Posted by Mindy Tulsi-Ingram on 26th Feb 2026

March Newsletter - The Difference Between a Favor and Assistance

Why How We Help Matters More Than We Realize

I was reflecting the other day after I asked my husband to do me a favor.

It struck me that I rarely ask for “favors” at work especially from my team, but I sometimes use that language with suppliers when I’m trying to support a client. That realization made me pause.

Growing up in a family of ten kids, “as you pass go” didn’t mean collect $200.00 it meant grab a cup of tea for someone or bring a plate for your brother. Help was constant, casual, and expected. No one kept score but everyone contributed.

It made me realize something important:  We often say yes to helping without stopping to ask how we’re helping or what that help communicates.

“Can you do me a favor?”
“Sure, no problem.”

On the surface, a favor and assistance look the same. Both involve helping. Both usually come from good intentions.

But the impact they leave behind can be very different.

In leadership, relationships, and workplace culture that difference matters.

What a Favor Really Is

A favor is informal. It’s often spontaneous and personal.  And it usually carries an unspoken layer of obligation.

Favors tend to sound like:

  • “I’ll just do it this time.”
  • “Don’t worry about it — I’ve got it.”
  • “You owe me one.”

Favors can be generous but they’re often unclear. Over time, they can quietly create imbalance, dependency, or even resentment especially when favors become expected instead of optional.

A simple example:
Sally asks John, “Since you’re heading to the kitchen, can you do me a favor and grab me a coffee two creams, three sugars?”

What sounds small becomes multiple steps and extra time. Meanwhile, Sally’s real need was help with a project question. The favor created effort but didn’t address the true priority.

What Assistance Does Differently

Assistance is intentional. It’s clear. It’s respectful.

Assistance sounds like:

  • “Here’s how I can support you.”
  • “What would be most helpful right now?”
  • “Let’s decide this together.”
  • “This is part of our process.”

Unlike favors, assistance doesn’t create quiet debt.
It creates trust.

Portia in Shakespeare’s The Merchant of Venice:
“How far that little candle throws his beams! So shines a good deed in a weary world.”

Even small, thoughtful acts of support when offered with clarity and care can travel farther than we expect.

At work, assistance supports autonomy and accountability.  In relationships, it preserves dignity and mutual respect.

Why This Matters in Leadership

Leaders who rely heavily on favors often carry more than they should. They become the fixer, the rescuer, the go-to for everything.

Leaders who help build systems instead of dependence.  They empower rather than rescue.

The shift is subtle but powerful:

  • Favors say: “I’ll take this on for you.”
  • Assistance says: “Let’s solve this together.”

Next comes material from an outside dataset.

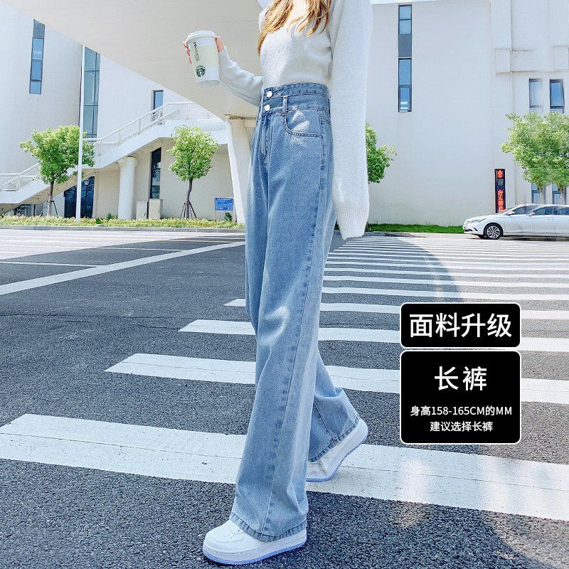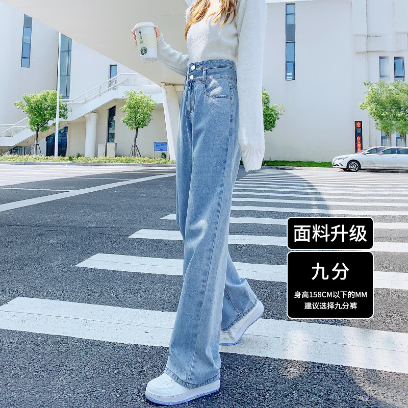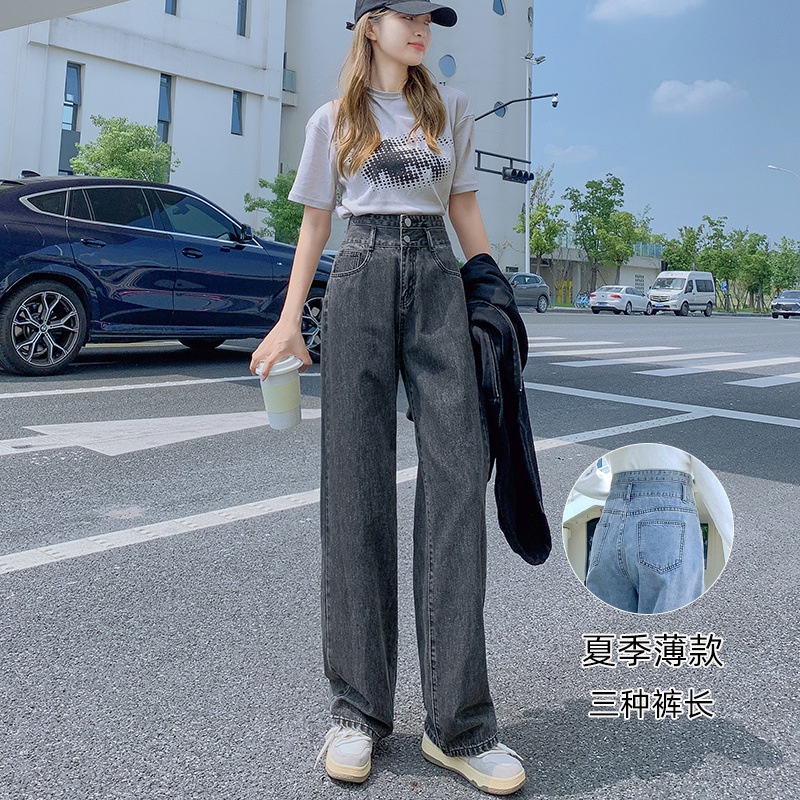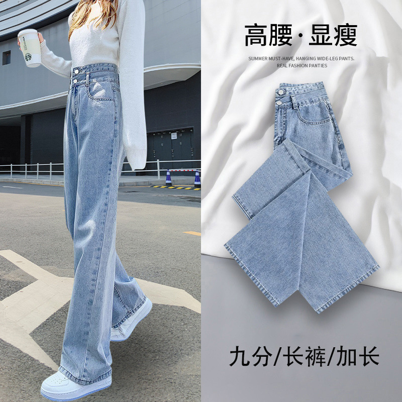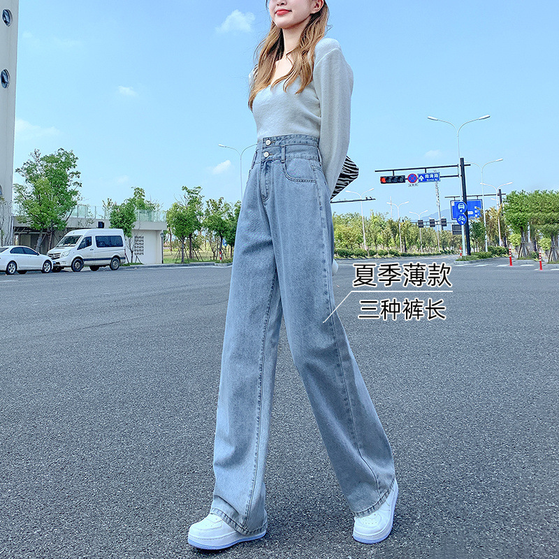 Главная страница > Легкая узкая версия тонкая широкая ножка джинсы женские 2025 новая весна лето с высокой талией свободные тонкие прямые штаны
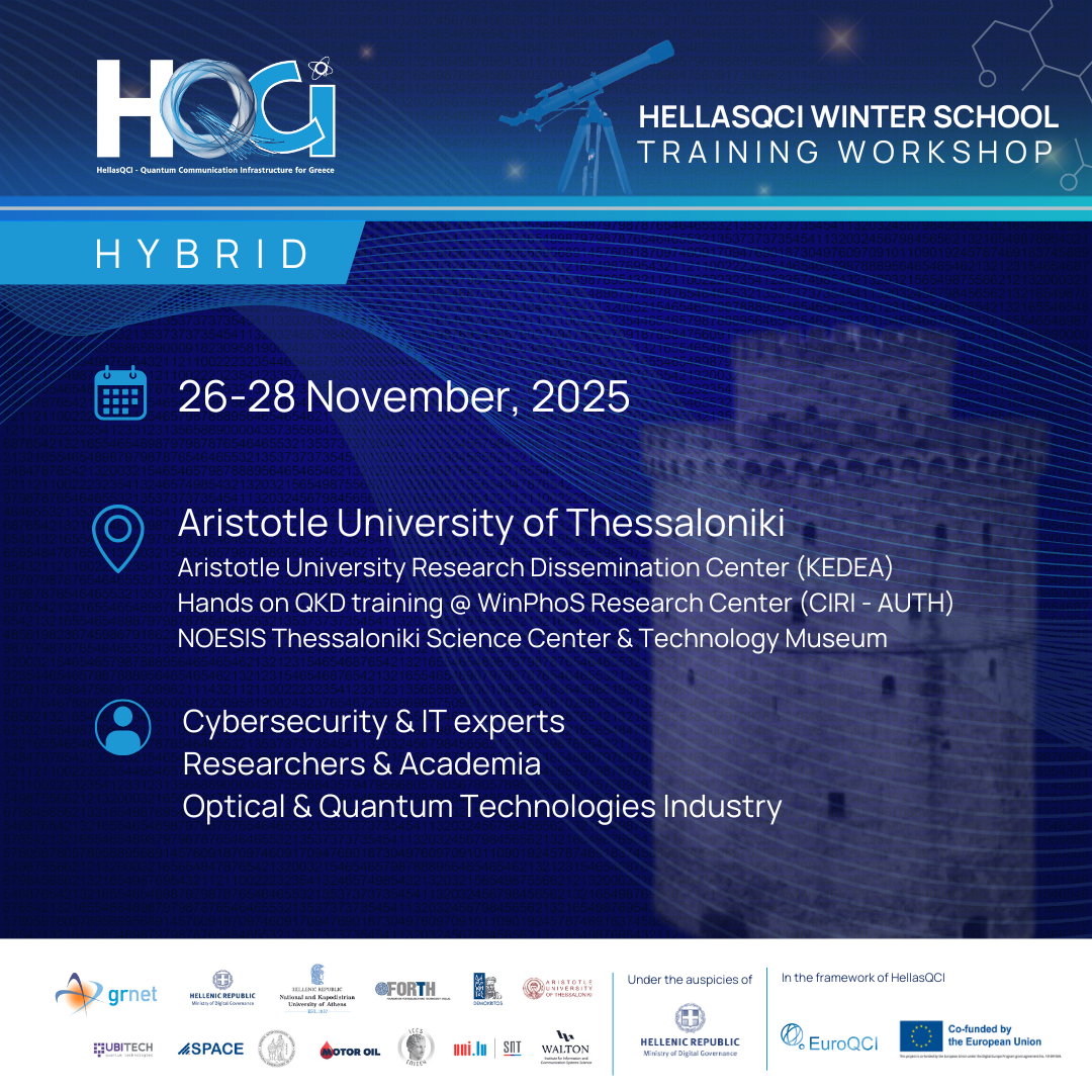 Continuing the successful series of training events in Athens and Crete, HellasQCI – a European co-funded project coordinated by GRNET – is proudly launching the HellasQCI Winter School (Training Workshop) 2025, in Thessaloniki; a FREE three-day training workshop on Quantum Key Distribution (QKD) and Space-based QKD technologies, combining theory, hands-on lab experience, and expert-led sessions.

At Home, the Same Rule Applies

In families and partnerships, favors can quietly turn into scorekeeping.

“I did this for you…”
“Remember when I helped with…”

Over time, that creates tension.

Assistance opens the door to:

  • Clear expectations
  • Shared responsibility
  • Mutual support
  • Fewer unspoken assumptions

It replaces keeping track with working together.

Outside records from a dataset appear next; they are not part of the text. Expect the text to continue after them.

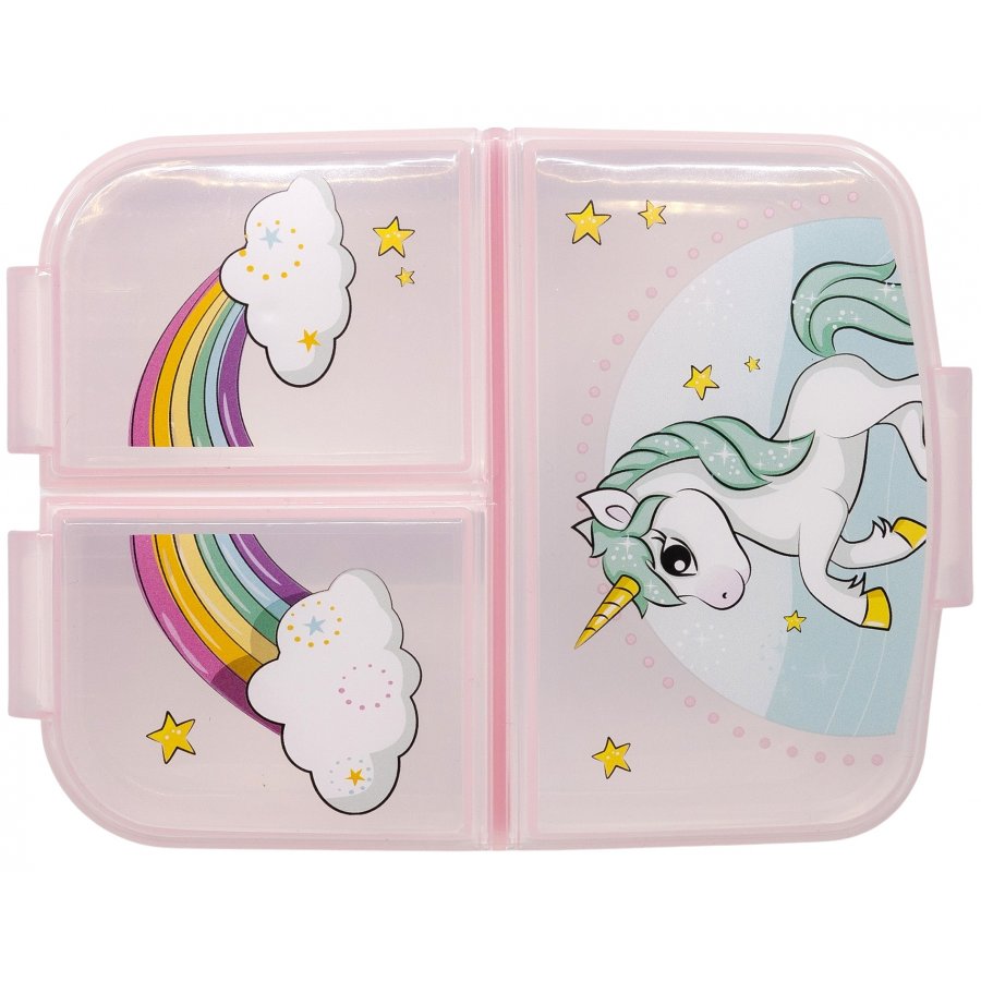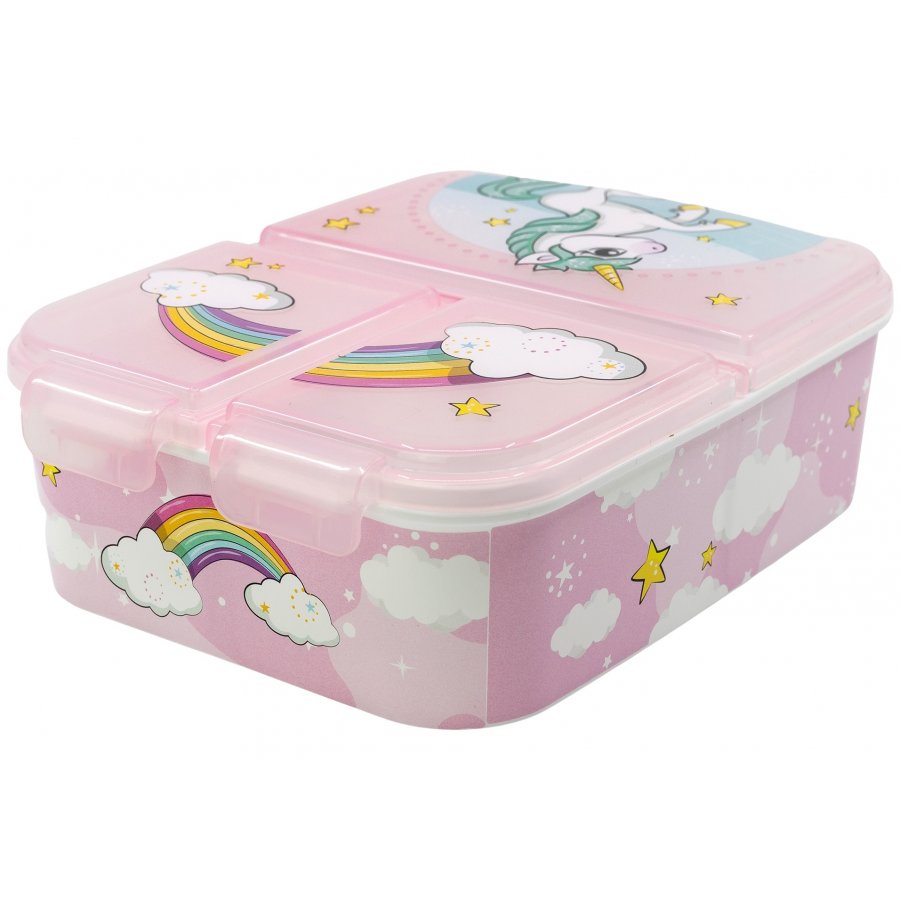 Detský olovrantový multibox s jednorožcom a dúhou. Odolná krabička na desiatu je ideálna do školy, na cesty aj výlety. Veko je čiastočne priehľadné, čo uľahčuje prehľad o obsahu boxu, a je zdobené obrázkami kúzelného jednorožca a dúhy. Táto dóza na jedlo alebo iné drobné predmety je určená pre deti od 3 rokov a nie je vhodná do umývačky riadu ani mikrovlnnej rúry. Je vyrobená zo zdravotne nezávadného materiálu bez obsahu BPA. Na čistenie nepoužívajte abrazíva ani detergenty. Rozmery boxu sú približne 17 x 13,5 x 5,5 cm a jeho hmotnosť je 150 g.
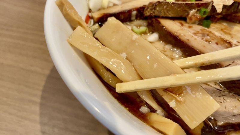 <メンマ> 薄味なのをマー油豚骨出汁と麺に絡めてガッツリ楽しもう!フレッシュそのもの!
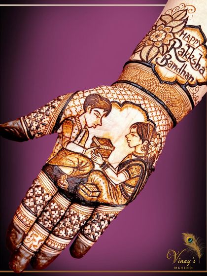 Festivals like Gangaur, Ganesh Chaturthi, Raksha Bandhan get special themed mehndi art - from Gauri-Shiva figures to portraits of Ganpati or brother-sister moments. Baby showers? I add cute elements like 'Mom to be' or 'Daddy to be' so even small occasions get a little mehndi magic.
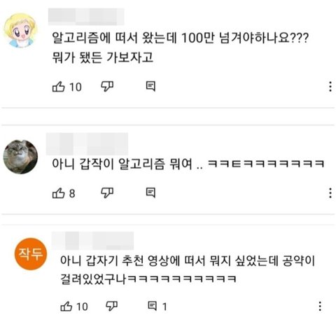 영문도 모르고 알수없는 알고리즘에 의해 100만 넘겨야 한다니까 보는 사람들 속출ㅋㅋㅋ
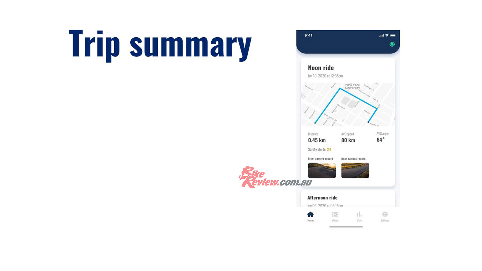 You can download and watch any of your trips via the app. This is fantastic for insurance purposes, other legal reasons, or just for fun and bike reviews! Have two cameras ensures every angle is covered as well. A great system.
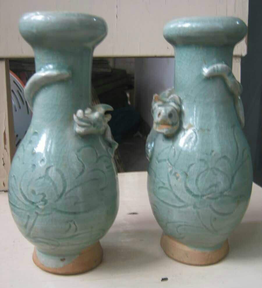 宋龙泉窑龙虎盘口瓶一对

Questions Worth Considering

  • Where might you be offering favors when assistance would serve better?
  • Where are you accepting favors instead of asking for structured support?
  • What conversation could benefit from clearer expectations?
  • Are you asking for too many favors and offering too little?

The next time someone asks for help, pause before saying yes.

Try responding with:

  • “Here’s how I can help.”
  • “What support would be most useful right now?”
  • “Let’s look at this together.”

Notice how the tone shifts.
Notice how responsibility becomes shared.
Notice how relationships feel lighter.

Sometimes the most generous thing we can offer isn’t a favor it’s thoughtful assistance.

Food for Thought

Social psychologist Robert Cialdini shows that when we help others in intentional and structured ways, it strengthens cooperation and increases the likelihood of future support. Even Abraham Lincoln observed that doing a good turn for someone often builds a bridge of goodwill that returns in unexpected ways.

When help is thoughtful, clear, and respectful everyone stands taller.